---------- Information shown

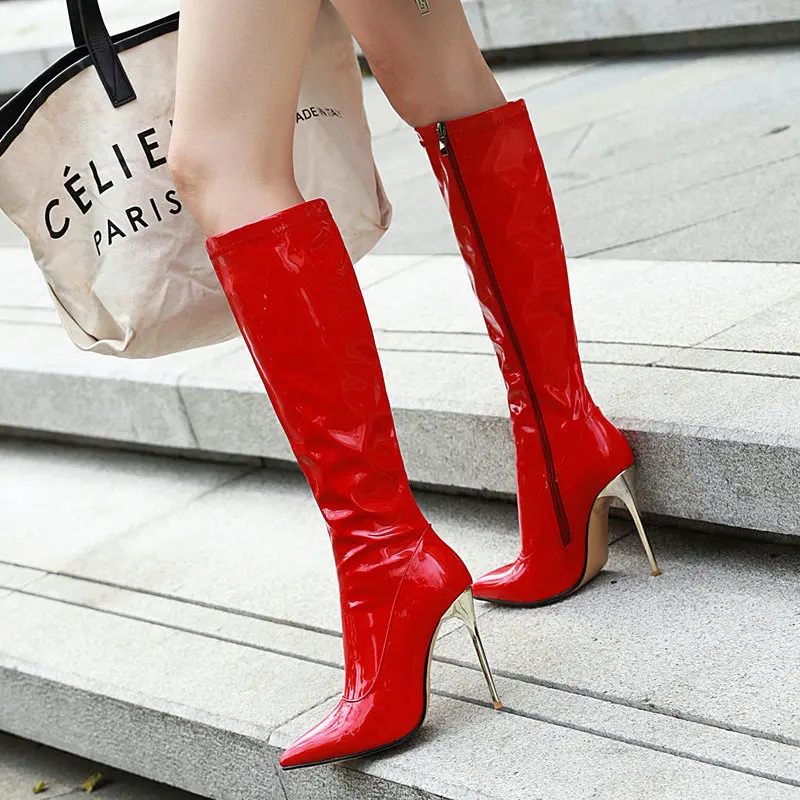 Сапоги женские зимние до колена, красные, из лакированной кожи, 2019
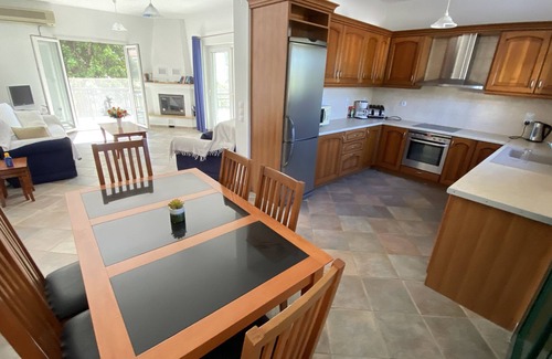 Entire private villa to rent comprising two separate apartments (ground floor and first floor) with private pool, WiFi, ample parking and stunning views of the mountainous coast of Turkey. Perfect for couples and families and a minute’s walk to one of the most desirable sandy beaches on the island. With a local minimart and several tavernas on your doorstep, you will have all you need for the perfect holiday.
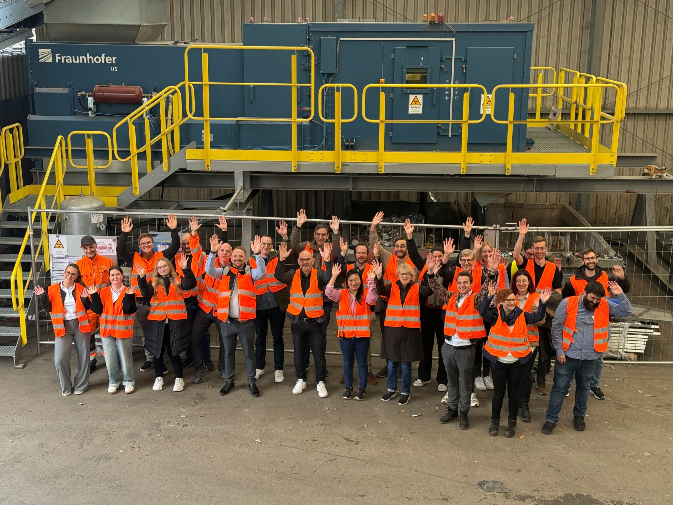 Inbetriebnahme DangerSort: Vertreterinnen und Vertreter des K3I-Cycling Projektes feiern gemeinsam den erfolgreichen Start des KI-basierten Röntgensortiersystems DangerSort. Copyright: Lobbe

--------------------

→ **Work to complete**: From the first line to the last, copy the listing above exactly and leave out the images.

→ **Output below**:
 Сапоги женские зимние до колена, красные, из лакированной кожи, 2019
 Entire private villa to rent comprising two separate apartments (ground floor and first floor) with private pool, WiFi, ample parking and stunning views of the mountainous coast of Turkey. Perfect for couples and families and a minute’s walk to one of the most desirable sandy beaches on the island. With a local minimart and several tavernas on your doorstep, you will have all you need for the perfect holiday.
 Inbetriebnahme DangerSort: Vertreterinnen und Vertreter des K3I-Cycling Projektes feiern gemeinsam den erfolgreichen Start des KI-basierten Röntgensortiersystems DangerSort. Copyright: Lobbe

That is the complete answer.